Le ton est un peu désuet, ce qui devrait être drôle tombe souvent à plat pour un lectorat du XXIe siècle ; et si vous êtes nés après la Seconde Guerre mondiale, il y a peu de chances que Garçonnes vous fasse éclater de rire. Mais, premièrement, l’humour est assurément l’exercice le plus difficile qui soit. Et, deuxièmement, c’est aussi sans doute l’un des styles d’écriture qui a le plus de difficultés à traverser les époques.

Pour moi, il est quasi-impossible de parler d’une œuvre correctement sans parler du contexte dans lequel elle a été créée. Parce que ; qu’il s’agisse d’un tableau, d’un film, d’une chanson ou d’une bande dessinée ; l’atmosphère sociale, politique et culturelle a nécessairement joué un rôle, à un moment ou un autre, dans la démarche de son créateur ou de sa créatrice. Et c’est le cas pour les autrices mises à l’honneur dans Garçonnes. Car il faut s’imaginer la façon dont pouvaient être perçues ces femmes s’émancipant de l’autorité de leur père ou de leur mari pour vivre par elle-même, qui plus est d’une activité artistique. Si certaines pages pourront vous sembler bien candides et tout sauf modernes à l’aune de nos modèles actuels, elles sont pourtant l’incarnation d’une réelle évolution.

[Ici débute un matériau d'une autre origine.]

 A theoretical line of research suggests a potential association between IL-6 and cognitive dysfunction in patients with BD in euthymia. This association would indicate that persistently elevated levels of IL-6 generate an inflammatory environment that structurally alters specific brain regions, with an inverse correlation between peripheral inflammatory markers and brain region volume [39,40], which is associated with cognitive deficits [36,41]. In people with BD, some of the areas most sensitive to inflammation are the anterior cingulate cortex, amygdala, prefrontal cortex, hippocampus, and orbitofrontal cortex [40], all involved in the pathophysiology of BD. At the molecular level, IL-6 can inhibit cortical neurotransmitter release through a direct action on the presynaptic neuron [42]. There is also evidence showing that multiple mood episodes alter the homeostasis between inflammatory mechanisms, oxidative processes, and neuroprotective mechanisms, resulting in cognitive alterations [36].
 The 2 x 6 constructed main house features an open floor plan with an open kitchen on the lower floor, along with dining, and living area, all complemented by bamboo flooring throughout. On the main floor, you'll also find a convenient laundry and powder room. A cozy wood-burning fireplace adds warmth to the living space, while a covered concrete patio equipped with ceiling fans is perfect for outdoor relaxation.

Avec le krach boursier de 1929, l’image de la Garçonne s’estompe peu à peu, balayée des préoccupations de ses contemporains par la Grande Dépression et la menace d'une nouvelle conflagration née de la montée du fascisme en Europe. La guerre et la finance : deux activités typiquement masculines sur lesquelles on peut toujours compter pour remettre le progrès sous le tapis.
À bien des égards, la Garçonne est un mythe. Érigée en icône féministe, elle n’en reste pas moins le souvenir d’une période où les femmes qui revendiquaient plus d’indépendance ou une sexualité différente de la norme étaient ostracisées. Il faut ajouter que c’est également une figure essentiellement urbaine, qui s’adresse à une catégorie plutôt aisée, et dont l’impact sur la population vivant dans les campagnes a été beaucoup plus modéré.

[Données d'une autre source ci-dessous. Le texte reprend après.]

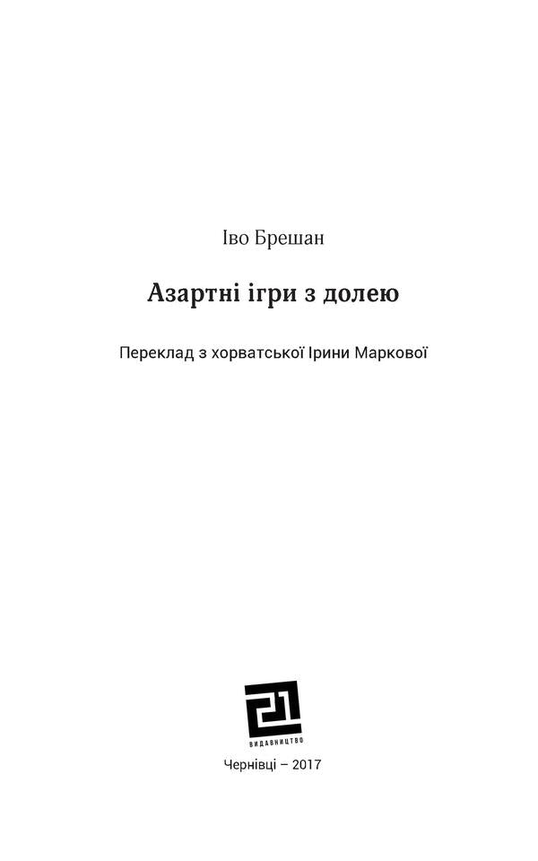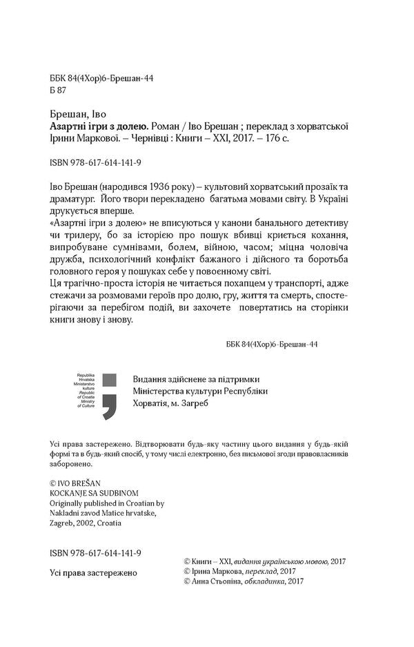 'Азартні ігри з долею' не вписуються у канони банального детективу чи трилеру, оскільки за історією про пошук вбивці криється кохання, випробуване сумнівами, болем, війною, часом; міцна чоловіча дружба, психологічний конфлікт бажаного і дійсного та боротьба головного героя у пошуках себе у повоєнному світі, що є особливо актуальним у нинішній історико-політичній ситуації в Україні.Ця трагічно-проста історія не читається похапцем у транспорті, адже стежачи за розмовами героїв про долю, гру, життя та смерть, спостерігаючи за перебігом подій, Ви захочете повертатись на сторінки книги знову і знову.SPECIFICATIONS:

Sélectionné dans la catégorie Patrimoine du Festival International de la Bande Dessinée d’Angoulême en 2025, Garçonnes nous questionne justement sur cette notion de patrimoine.
Si l’on se réfère à son étymologie, le patrimoine, du latin patrimonium, est l’héritage que l'on reçoit de son père. Au fil des siècles, le terme s’est élargi ; et pour donner une définition assez générale du patrimoine : il s’agit d’un bien matériel ou immatériel hérité de nos ascendants, ou plus largement d’un bien commun dont hérite la société, comme un monument ou une œuvre d’art, par exemple.

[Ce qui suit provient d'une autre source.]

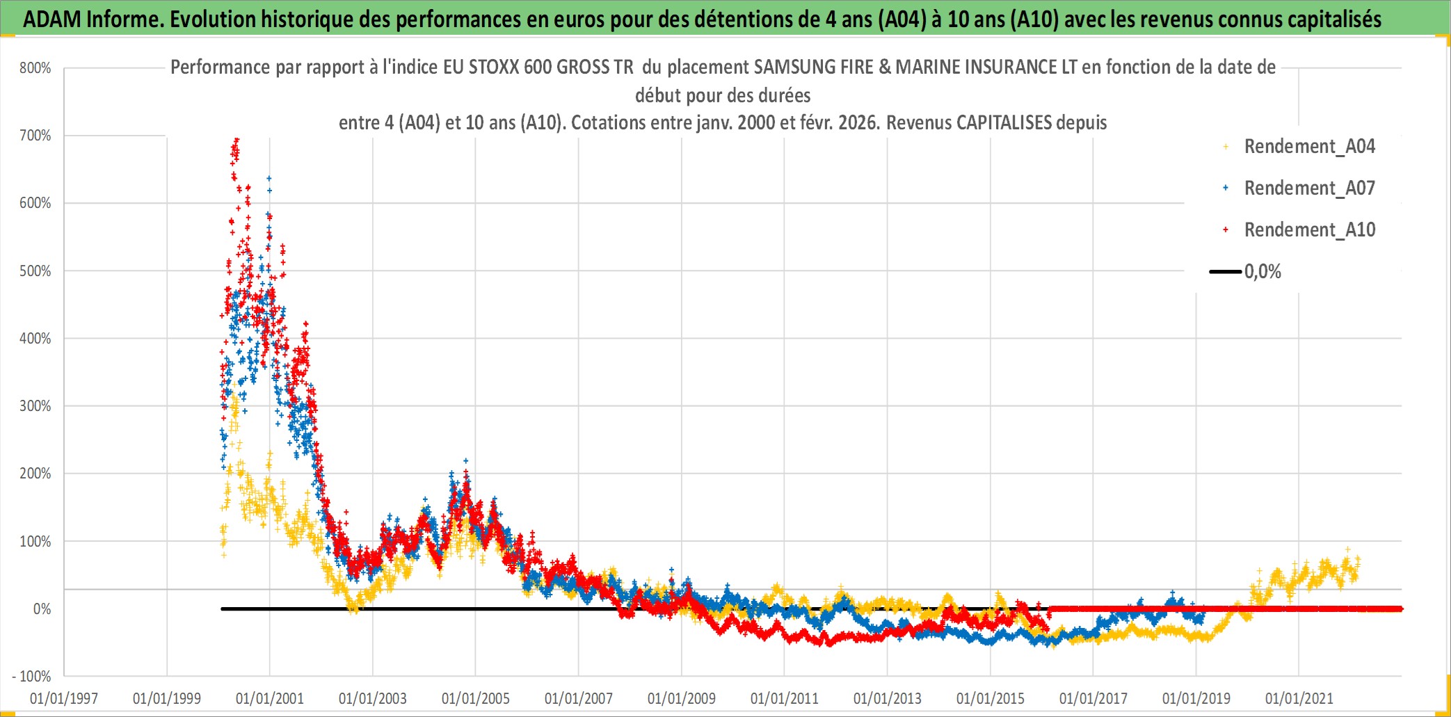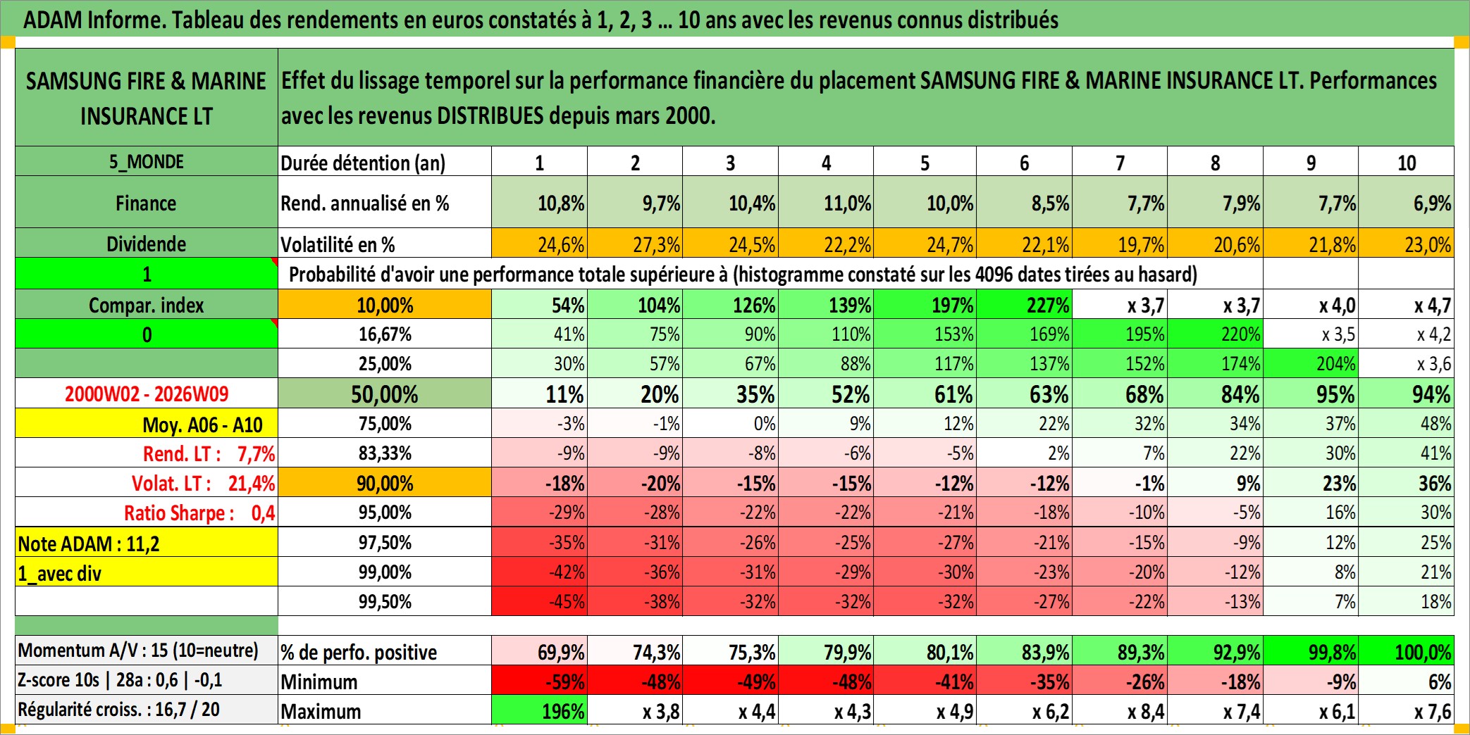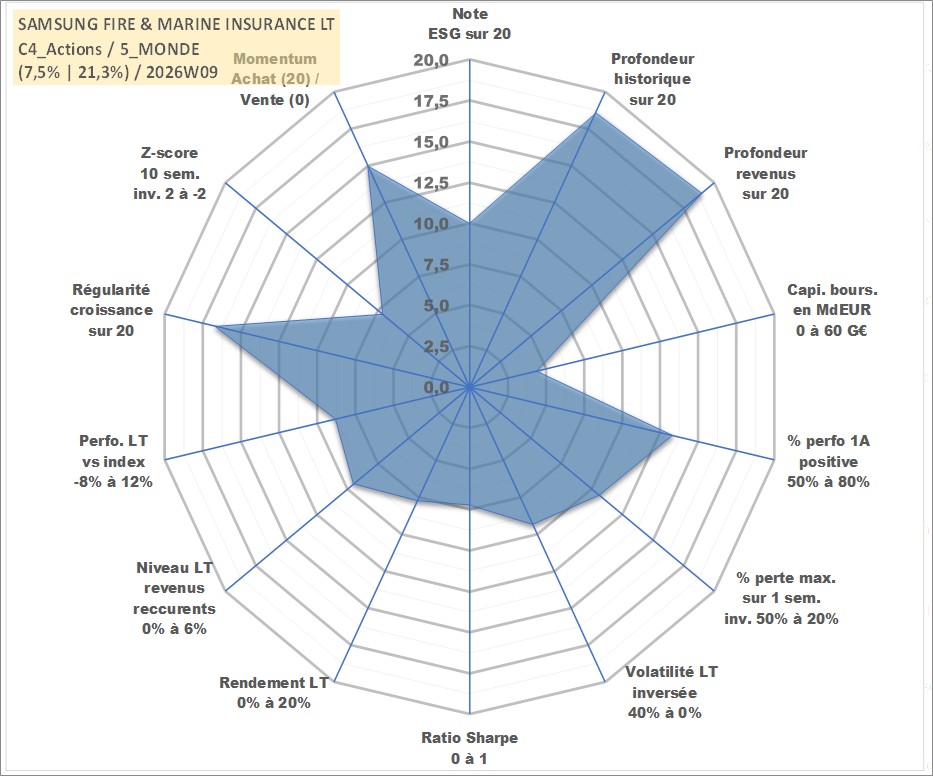 Site dédié aux investisseursPage dédiée sur site financeAnalyse des valorisations hebdomadaires de l'action SAMSUNG FIRE & MARINE INSURANCE LT. Cet actif est cote en KRW. Les valorisations sont en contrevaleur EURO et couvrent les semaines 2000W02 a 2026W09. Les revenus de cet actif financier sont pris en compte depuis la semaine 2000W13. La note globale ESG de cet actif est estimee a 10.0 (apres rebasage entre 0 et 20).

Mais depuis quelques années, on voit de plus en plus souvent apparaître le terme de matrimoine pour désigner le lègue d’artistes ou d’autrices féminines.
Utiliser ce terme de matrimoine, c’est peut-être du chipotage pour certains, mais c’est aussi souligner le rôle joué par des femmes dans notre culture populaire commune. Un rôle qui a souvent été atténué, voire effacé, par le temps et la négligence de chroniqueurs peu regardant.

Je ne me considère pas spécialement comme féministe et je ne suis pas un militant.
À chaque fois que je parle de la place des femmes dans les comics, qu’il s’agisse de l’histoire d’une super-héroïne ou du parcours d’une créatrice, j’ai conscience que ma vision est biaisée et bourrée d’angles morts. Mais, dans la démarche anthologique de prescription que je poursuis depuis une douzaine d’années maintenant, occulter un sujet sous prétexte que je ne le maîtrise pas parfaitement reviendrait à l’invisibiliser encore plus. Et si je pense qu’il est indispensable de préserver les œuvres de légendes du comic book comme Richard Corben ou Alex Toth, et bien, c’est tout aussi vrai pour les travaux des autrices qui ont participé à construire ce qu’est la bande dessinée moderne de nos jours.
Trina Robbins est décédée en 2024 à l’âge de quatre-vingt-cinq ans et elle laisse derrière elle une colossale entreprise, qui fait d’elle l'une des plus importantes historiennes du Neuvième Art.